TRIBUNJATENG.COM -- Sejak serangan Israel ke Gaza 7 Oktober 2023 hingga kini sudah tercatat lebih dari 50.000 orang terluka dan 18.400 orang yang terbunuh.
Banyak warga sipil di Jalur Gaza menjadi korban keganasan militer Israel.

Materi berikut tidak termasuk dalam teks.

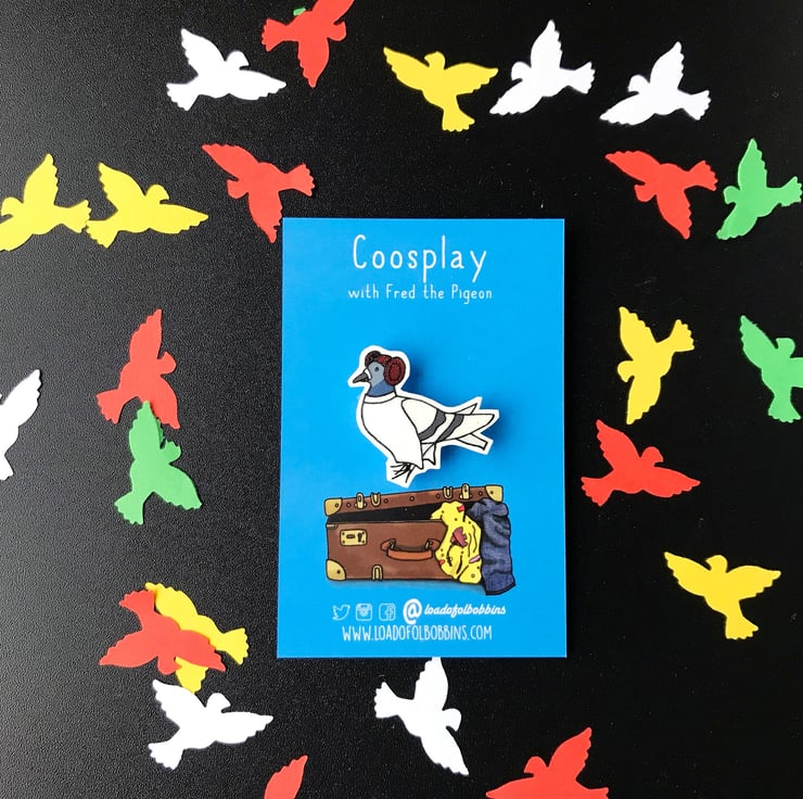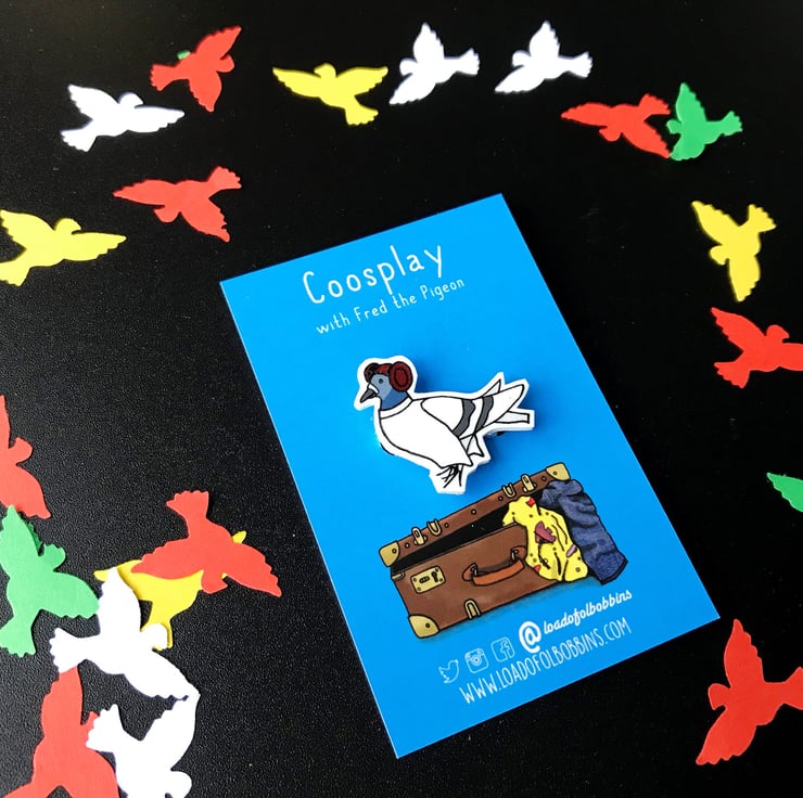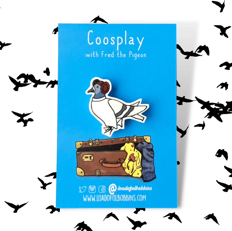 My illustrated pigeon friend is a huge fan of coosplay, this time he's immersed himself in the wonderful world of classic Sci-Fi. I have created a range of fun brooches taken from my illustrations, perfect for fans of pigeons or space adventures alike.

WHO menyalahkan Israel yang mempersulit bantuan kemanusiaan masuk.
Lebih dari tiga perempat dari total 193 anggota Majelis Umum PBB mendukung gencatan senjata di Gaza.
Resolusi tersebut tidak mengikat namun memiliki bobot politik dan mencerminkan pandangan global mengenai perang di Gaza, didukung oleh 153 anggota.
Inggris, Jerman, Italia, Belanda, dan Ukraina termasuk di antara 23 negara yang abstain.
Amerika Serikat, Paraguay, Austria, dan Israel termasuk di antara 10 anggota yang menentang.
Duta Besar Palestina untuk PBB, Riyad Mansour, mengatakan pemungutan suara yang mendukung gencatan senjata di Gaza adalah “hari bersejarah sehubungan dengan pesan kuat yang dikirimkan dari Majelis Umum”.
“Adalah tugas kita bersama untuk terus berada di jalur ini sampai kita melihat berakhirnya agresi terhadap rakyat kami,” kata Riyad Mansour.
Kementerian Kesehatan di Gaza, yang dikuasai Hamas, mengatakan lebih dari 50.000 orang terluka sejak serangan Israel dimulai.
Adapun lebih dari 18.400 orang yang terbunuh. Hanya sekitar 400 orang yang terluka paling parah yang telah dievakuasi ke luar negeri, menurut kelompok Israel, Physicians for Human Rights Israel.
Organisasi Kesehatan Dunia (WHO) juga menyalahkan pasukan Israel atas penundaan yang lama di pos pemeriksaan dalam mengizinkan kendaraan darurat pembawa korban luka untuk lewat.
Badan-badan bantuan PBB telah menyerukan gencatan senjata di Gaza selama berminggu-minggu sehingga mereka pasti akan menyambut seruan Majelis Umum PBB untuk melakukan gencatan senjata.
Namun mereka juga tahu bahwa ini adalah langkah simbolis dan tidak mengikat, dan sepertinya tidak akan mengubah apa pun di lapangan.
Pekerja bantuan ingin melakukan apa yang seharusnya mereka lakukan dalam konflik: memberikan dukungan kepada semua warga sipil yang terjebak di Gaza, yang mencakup warga Palestina dan para sandera asal Israel.
Sedemikian sengitnya pertempuran, para pekerja kemanusiaan dan perbekalan mereka tertahan di Rafah, tepat di perbatasan Gaza dengan Mesir, sebagaimana dilaporkan wartawan BBC, Imogen Foulkes.